> [About this exercise]:
Please retype the listing exactly as it appears, skipping each picture.

> [Available data]:
"""

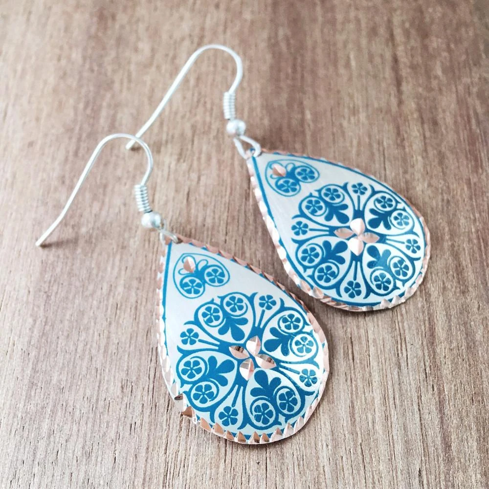 Add our Turkish Copper high-quality artisan earrings to your year-round wardrobe, featuring an illuminating, warm rustic copper and gorgeous blue and white enamel design.
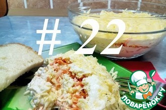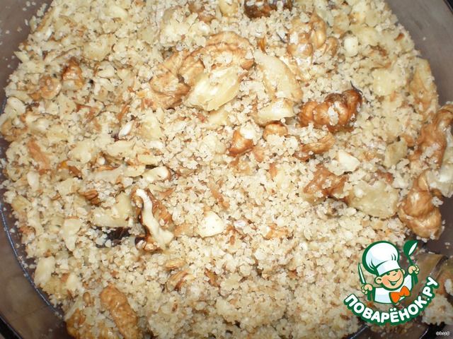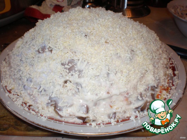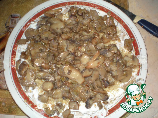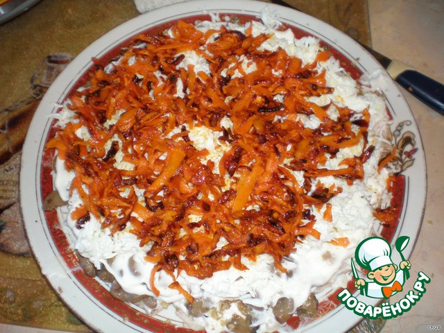 Шестой - марковка - белок. Седьмой - опять курочка - майонез - грецкие орешки - грибы. Последний слой майонезика, украсить желтком.
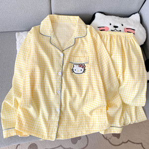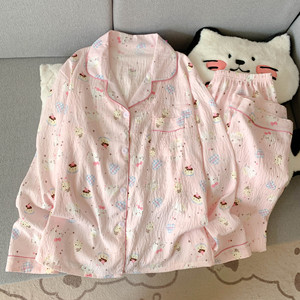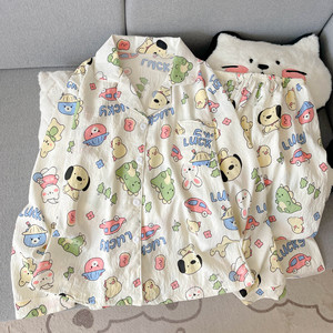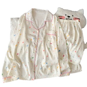 东南亚跨境云朵棉睡衣女士春秋季长袖长裤印花翻领可爱家居服套装
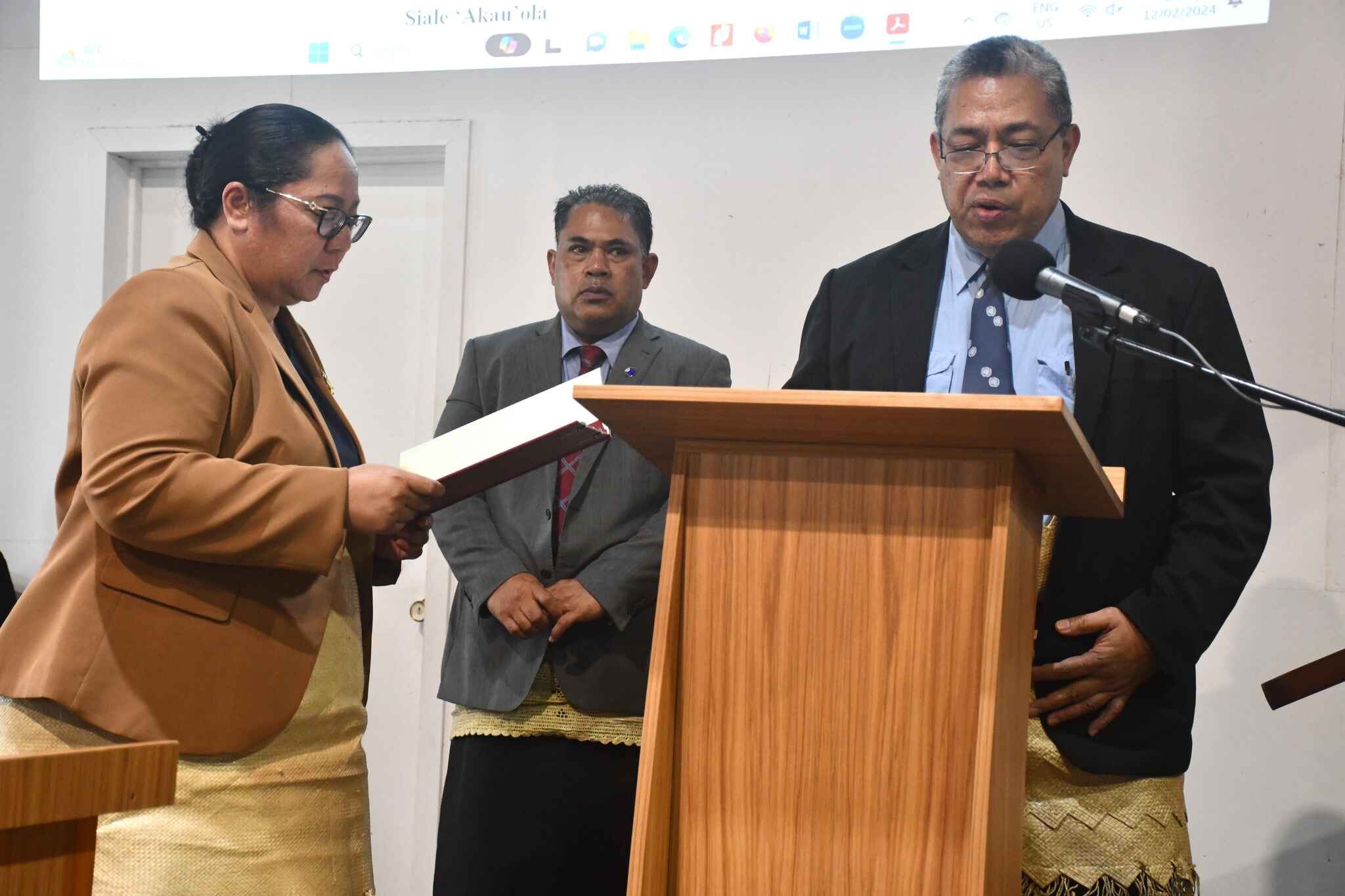 Hon. Dr. Siale ‘Akau’ola ne new Minister of Health took his oath as a Member of Parliament yesterday Monday 12th of February 13, 2024. The newest legislator swore his allegiance to perform his utmost best, obey the King and to abide by the Constitution for the good of Tonga.

"""

> [Exercise response]:
 Add our Turkish Copper high-quality artisan earrings to your year-round wardrobe, featuring an illuminating, warm rustic copper and gorgeous blue and white enamel design.
 Шестой - марковка - белок. Седьмой - опять курочка - майонез - грецкие орешки - грибы. Последний слой майонезика, украсить желтком.
 东南亚跨境云朵棉睡衣女士春秋季长袖长裤印花翻领可爱家居服套装
 Hon. Dr. Siale ‘Akau’ola ne new Minister of Health took his oath as a Member of Parliament yesterday Monday 12th of February 13, 2024. The newest legislator swore his allegiance to perform his utmost best, obey the King and to abide by the Constitution for the good of Tonga.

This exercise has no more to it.